Le di una respuesta afirmativa por teléfono. Media hora después vino a verme;
hablamos una hora de diversos asuntos sin tocar el tema en la conversación. Si
me hubiese preguntado mi opinión, le hubiera replicado que para un hombre
inteligente y ferviente hebreo, como él había sido (era además un ardiente
sionista), la conversión significa obediencia a la voz de la conciencia.
Los judíos que se convierten hoy día, como en época de San Pablo, tienen
mucho, o incluso todo que perder en cuanto a su vida terrena, y tienen mucho,
si no todo, que ganar en la vida de la gracia. Los tiempos en que un obispo, o
un patricio, o un príncipe tomaban a un convertido bajo su manto, han pasado.
Hace unos pocos años, me encontré aquí en Roma, en los escalones de la Piazza
della Pilotta, con un joven hebreo. Él y su familia –esposa e hijos- se habían
convertido al cristianismo varios años antes de la persecución racial. "Somos
felices", me dijo, "pero no logro encontrar trabajo. El pan y la sopa que me
dan cada día en un convento no son suficientes. ¡Somos muchos en mi familia!".
Le pregunté: "¿Qué tipo de trabajo está buscando?". Me respondió: "Me gustaría
ser limpiabotas y portero en un hotel, incluso uno de segunda clase". ¿Fue la
ambición el motivo de la conversión de este hombre? La r espuesta es clara.

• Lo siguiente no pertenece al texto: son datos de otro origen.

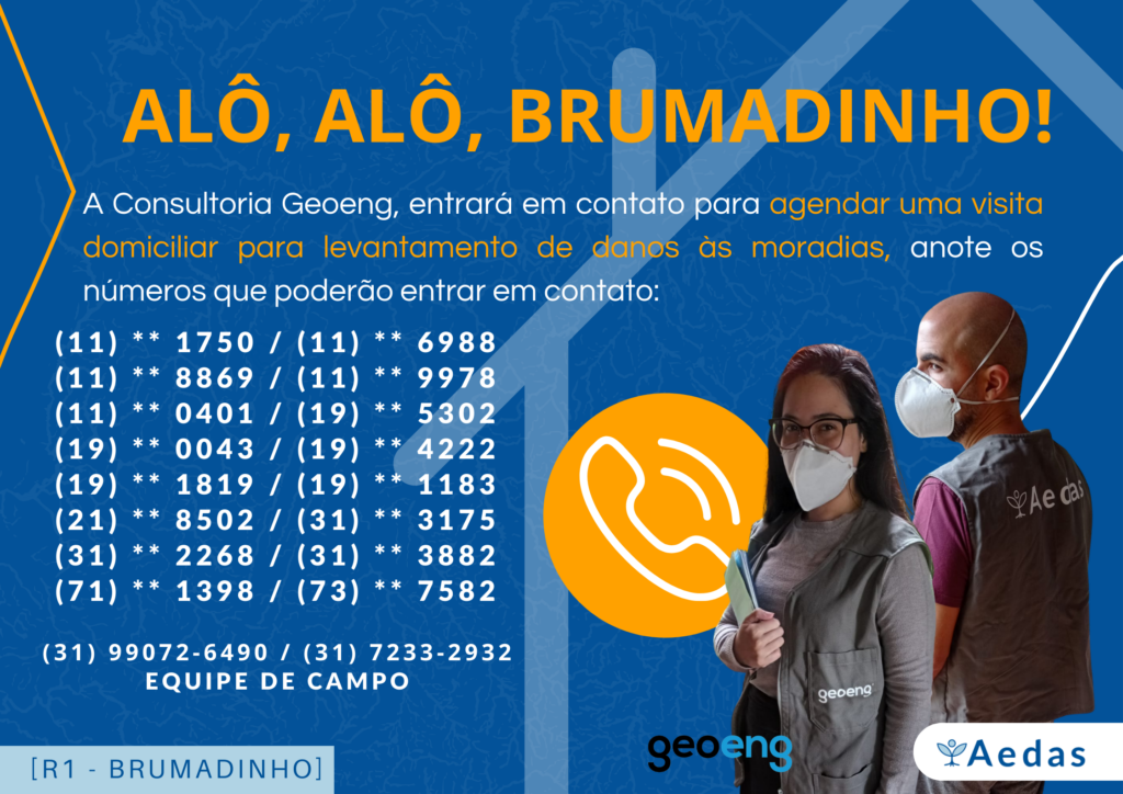 Está em campo a partir de dezembro de 2021 a consultoria técnica especializada contratada pela Aedas para realizar o LEVANTAMENTO DE DANOS À MORADIA, INFRAESTRUTURA E BENS MÓVEIS (Termo de Referência 03/2021) provocados pelo rompimento da barragem da Mina Córrego do Feijão, da empresa VALE S.A, pelo espalhamento do rejeito e pelas obras de reparação.

Aproximadamente diez días después me lo volví a encontrar. "¿Cómo va todo?",
le pregunté. "Muy bien, realmente", respondió. "Encontré el trabajo que
quería".
A veces se acusa que "los convertidos buscan liberarse del yugo de la Ley,
esto es de las ‘obras’". ¿Es que el cristianismo ofrece un camino fácil a
través de la fe sin las obras? Hay diferentes tipos de obras; pero hay una
muchas "obras", y la enseñanza cristiana propone una fuerte llamada a las
obras.
Jesús dijo: "No todo el que me diga: Señor, Señor, entrará en el Reino de los
Cielos, sino el que haga la voluntad de mi Padre celestial" (Mt. 7, 21). "Pues
todo el que cumpla la voluntad de mi Padre celestial, ése es mi hermano, mi
hermana y mi madre" (Mt. 12, 50).
"¿Qué aprovecha hermanos, si un hombre dice que tiene fe, pero no tiene
obras?", dice Santiago (2, 14). "La fe sin obras está realmente muerta" (2,
17). "Ya veis cómo el hombre es justificado por las obras y no por l a fe
solamente" (2, 24). "Poned por obra la Palabra y no os contentéis sólo con
oírla, engañándoos a vosotros mismos. Porque si alguno se contenta con oír la
Palabra sin ponerla por obra, ése se parece al que contempla su imagen en un
espejo: se contempla, pero, en yéndose, se olvida de cómo es. En cambio el que
considera atentamente la Ley perfecta de la libertad y se mantiene firme, no
como oyente olvidadizo sino como cumplidor de ella, ése, practicándola, será
feliz" (1, 22-25).
¿Es que el convertido avanza en la jerarquía de la vida social? El gran
prisionero por el Señor, San Pablo, dice: "Nada hagáis por rivalidad, ni por
vanagloria, sino con humildad, considerando cada cual a los demás como
superiores a sí mismo, buscando cada cual no su propio interés sino el de los
demás". "Mas ahora, desechad también vosotros todo esto: cólera, ira, maldad,
maledicencia y palabras groseras, lejos de vuestra boca… soportándoos unos a
otros y perdonándoos mutuamente… Como el Señor os perdonó, perdonaos también
vosotros. Y por encima de todo esto, revestíos del amor, que es el vínculo de
la perfección… Mujeres, sed sumisas a vuestros maridos… Hijos, obedeced en
todo a vuestros padres… Esclavos, obedeced en todo a vuestros amos de este
mundo".
Uno aprende como ser libre en Dios aun cuando sea un esclavo. Onésimo, el
esclavo fugitivo, robó a su amo, un cristiano rico de Colosas, amigo de San
Pablo. El esclavo, convertido por San Pablo en Roma, retornó libremente a su
puesto de servidumbre, portando con él un invalorable tesoro: una corta carta
de San Pablo. En ella el Apóstol dice: "Por lo cual, aunque tengo en Cristo
bastante libertad para mandarte lo que conviene, prefiero más bien rogarte en
nombre de la caridad, yo, este Pablo ya anciano, y además ahora preso de
Cristo Jesús. Te ruego en favor de mi hijo, a quien engendré entre cadenas,
Onésimo, que en otro tiempo te fue inútil, pero ahora muy útil para ti y para
mí. Te lo devuelvo, a éste, mi prop io corazón" (Flm 8-12). San Pablo quería
que el beneficio de la liberación de Onésimo por parte de Filemón no fuera
forzada sino voluntaria; quería que el amo recibiese al esclavo como un hijo
muy querido. El que libera y el liberado deben obedecer –y es dura obediencia
para Onésimo- la voz de Cristo de quien todos somos siervos, en el cual todos
somos liberados y elevados a través de la humildad.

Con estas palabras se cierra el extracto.